(Exercise description)
An exact repeat is needed of the lines from the one with "and Observation Platform》的学术报告。" through the last line of the data below. Please omit the pictures.

(Material provided)
- - -

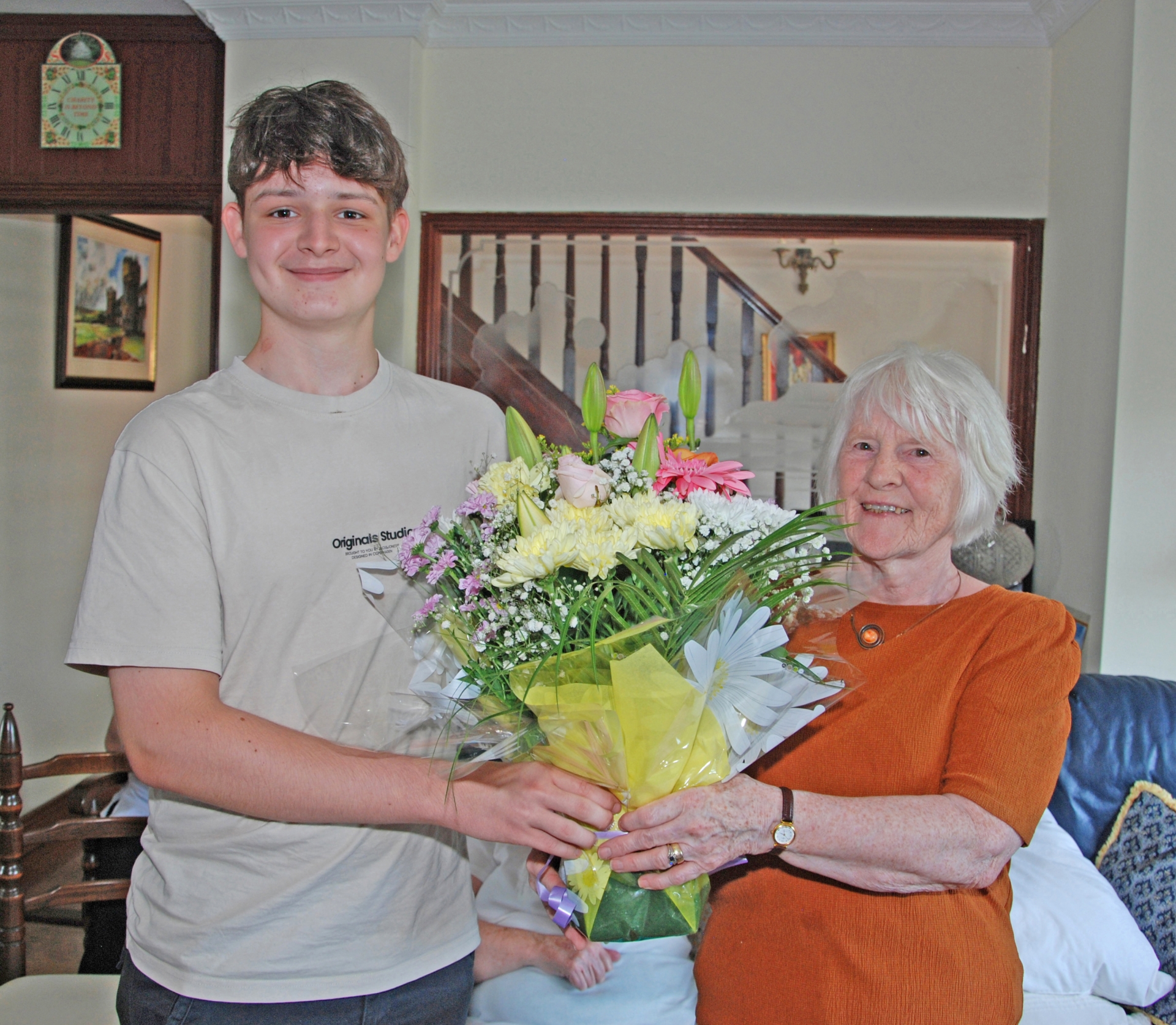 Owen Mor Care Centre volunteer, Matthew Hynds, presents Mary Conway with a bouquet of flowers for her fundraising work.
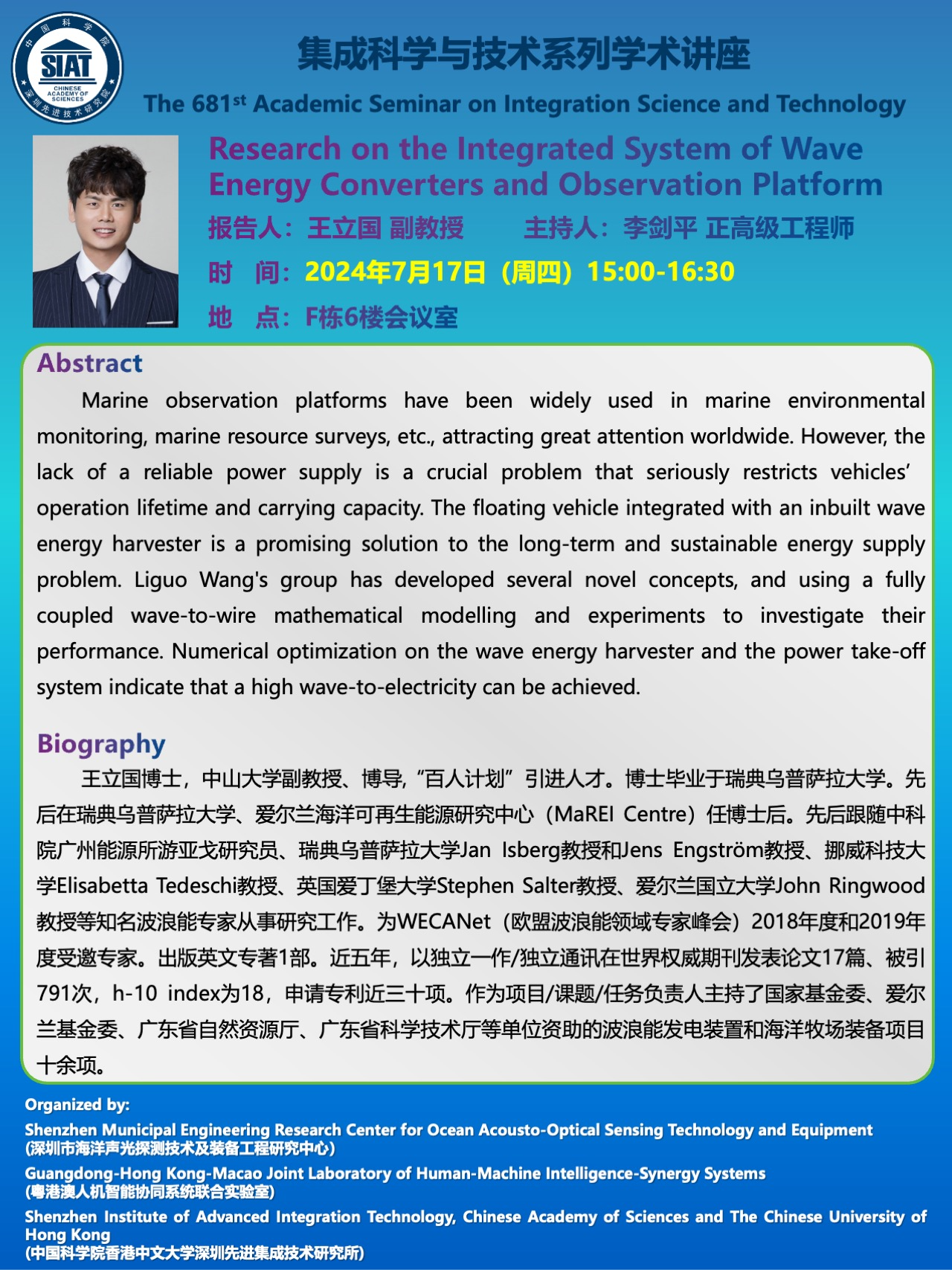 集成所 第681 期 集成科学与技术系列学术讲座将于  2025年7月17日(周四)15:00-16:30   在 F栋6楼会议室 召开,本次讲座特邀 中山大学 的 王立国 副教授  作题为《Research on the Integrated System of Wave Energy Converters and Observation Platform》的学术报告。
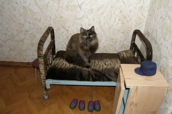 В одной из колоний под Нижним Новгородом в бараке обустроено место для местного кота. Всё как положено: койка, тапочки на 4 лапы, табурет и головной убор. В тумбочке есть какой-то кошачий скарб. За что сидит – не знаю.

- - -

(Response to the exercise)
 集成所 第681 期 集成科学与技术系列学术讲座将于  2025年7月17日(周四)15:00-16:30   在 F栋6楼会议室 召开,本次讲座特邀 中山大学 的 王立国 副教授  作题为《Research on the Integrated System of Wave Energy Converters and Observation Platform》的学术报告。
 В одной из колоний под Нижним Новгородом в бараке обустроено место для местного кота. Всё как положено: койка, тапочки на 4 лапы, табурет и головной убор. В тумбочке есть какой-то кошачий скарб. За что сидит – не знаю.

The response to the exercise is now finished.